L’utilisation des données mobiles pourrait être la clé pour des recensements de population plus précis et plus efficaces.
Pour effectuer des cartes de recensement des populations, les techniques du sondage sont encore aujourd’hui les plus utilisées. Mais face à des modes de vie de plus en plus nomades et la lenteur des questionnaires écrits ou téléphoniques, la nécessité de trouver un nouveau modèle devient criant. C’est cet objectif qu’ont poursuivi les recherches d’une équipe internationale de mathématiciens, de statisticiens et de géographes menée par l’Université catholique de Louvain en Belgique et l’Université libre de Bruxelles. Leur but a été de trouver une méthode qui remplace les sondages utilisés jusqu’ici au lieu de les accompagner. Ils ont pour cela récolté les données de géolocalisation des appels passés par 19 millions d’utilisateurs en France et au Portugal pour établir des cartes de population grâce aux antennes relais. Ils ont ensuite comparé ces cartes à celles obtenues via les méthodes traditionnelles par l’Insee et par l’Institut de statistiques du Portugal.

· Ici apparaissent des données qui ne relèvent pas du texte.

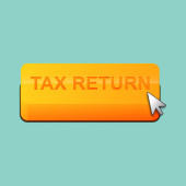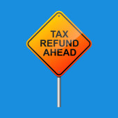 Koncepcja zeznania podatkowego, moneta i znak powrotu podatkowego na rękę.
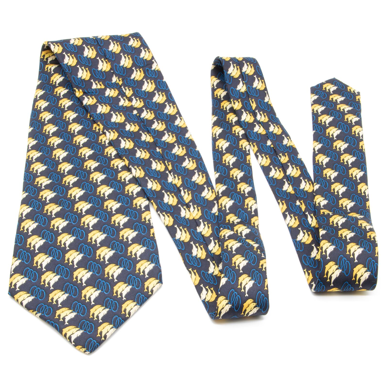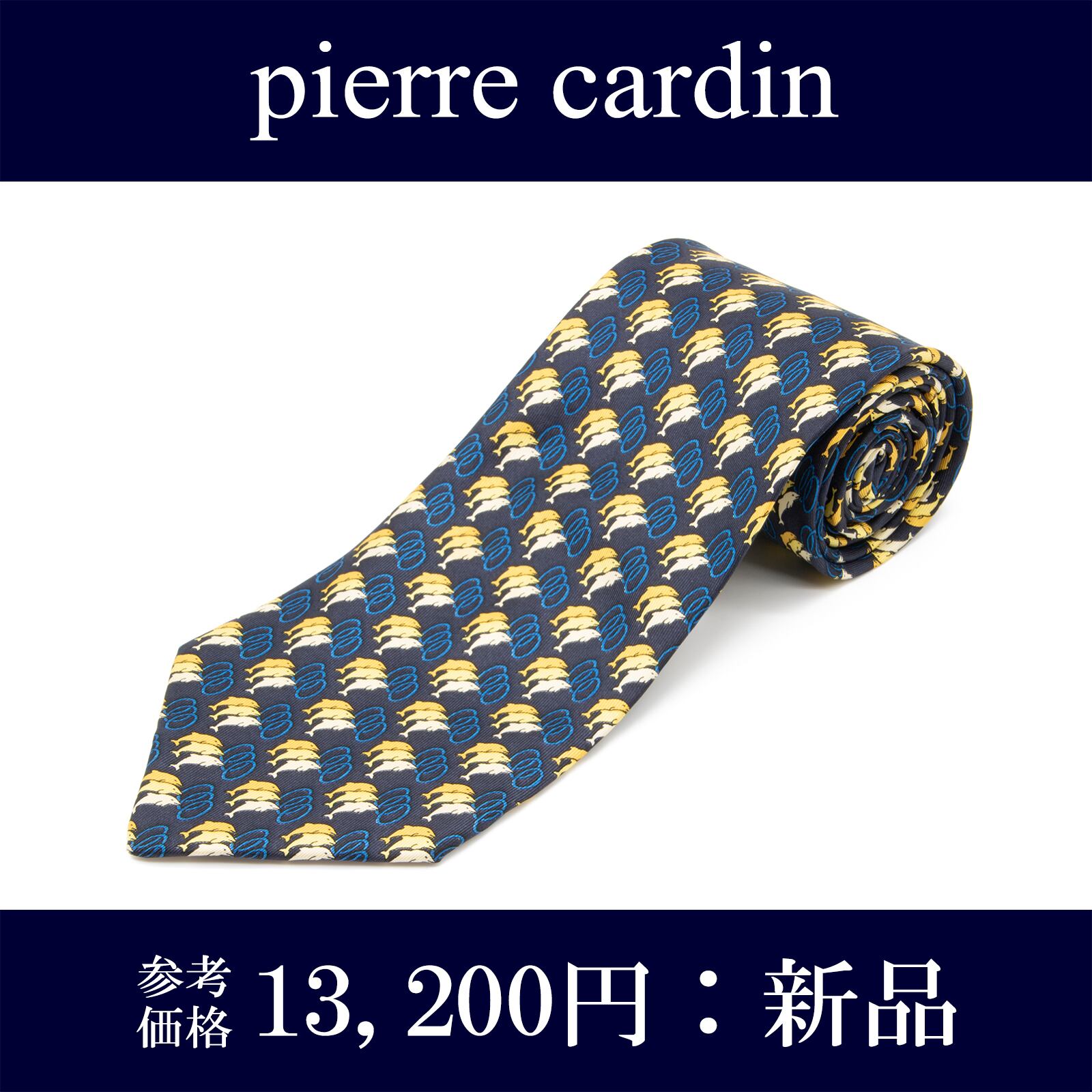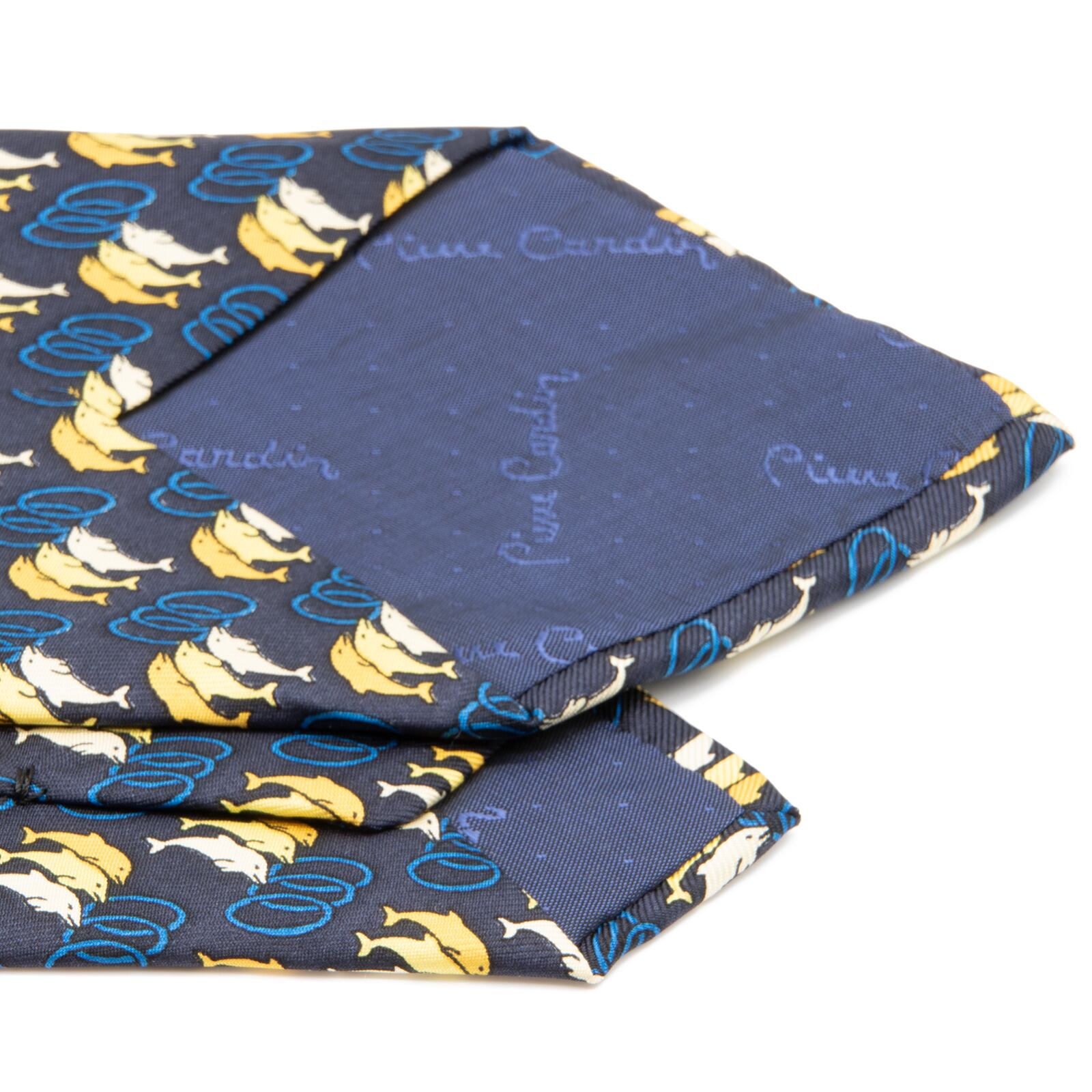 送料無料 ピエールカルダン ネクタイ 新品 ワイドタイ シルク ネイビーブルー 黄色 ブランド アニマル イルカ イタリア製 レア 綺麗 N455

Vers plus de précisions et des coûts réduits
Les résultats obtenus grâce aux données des téléphones mobiles sont aussi précis que ceux des instituts nationaux. La méthode semble donc faire ses preuves et apporte un atout considérable par rapport aux sondages : l’instantanéité. Les données peuvent être mises à jour très régulièrement et pour beaucoup moins cher que les envois de formulaires de recensement par exemple. “Les données anonymes des téléphones peuvent être examinées pour visualiser les changements qui ont lieu de façon quotidienne, hebdomadaire ou mensuelle au niveau d’un pays entier. Cela avec un coût moindre et une plus grande flexibilité.” explique le géographe Andy Tatem. D’autant que la prolifération des téléphones mobiles ne pourrait qu’accroître la précision. Les chercheurs assurent même pouvoir connaître les revenus des utilisateurs anonymes grâce à leur relevé téléphonique. Mais cela pourrait être une des limites du projet. Bien qu’il permette de saisir les foyers d’habitation et les mouvements de population, il ne semble pas en mesure d’avoir plus de détails démographiques en terme de classes âge, de professions, etc.
Des applications variées
Cela dit, grâce au coût réduit et à la rapidité, la méthode proposée par l’équipe internationale pourrait permettre d’obtenir des cartes de population dans des pays en développement. Ceux-ci n’ont pas toujours développé d’instituts de statistiques et les données mobiles aurait l’avantage de la facilité. De plus, connaître les mouvements des populations au jour le jour peut avoir d’autres applications. Les chercheurs envisagent notamment les cas d’urgences sanitaires, climatiques ou politiques. Lors de ce type de situations, les autorités auraient un besoin rapide de cartes démographiques afin de s’organiser au mieux. Outre ces situations catastrophes, l’utilisation des données mobiles pour cerner les déplacements humains avait déjà été envisagé pour lutter contre les épidémies par exemple. En Allemagne on envisageait même il y a deux ans l’étude des e-mails pour déterminer les flux migratoires. Les sondages et les recensements sont donc en proie à de profonds changements qui bouleversent des méthodes bien installées.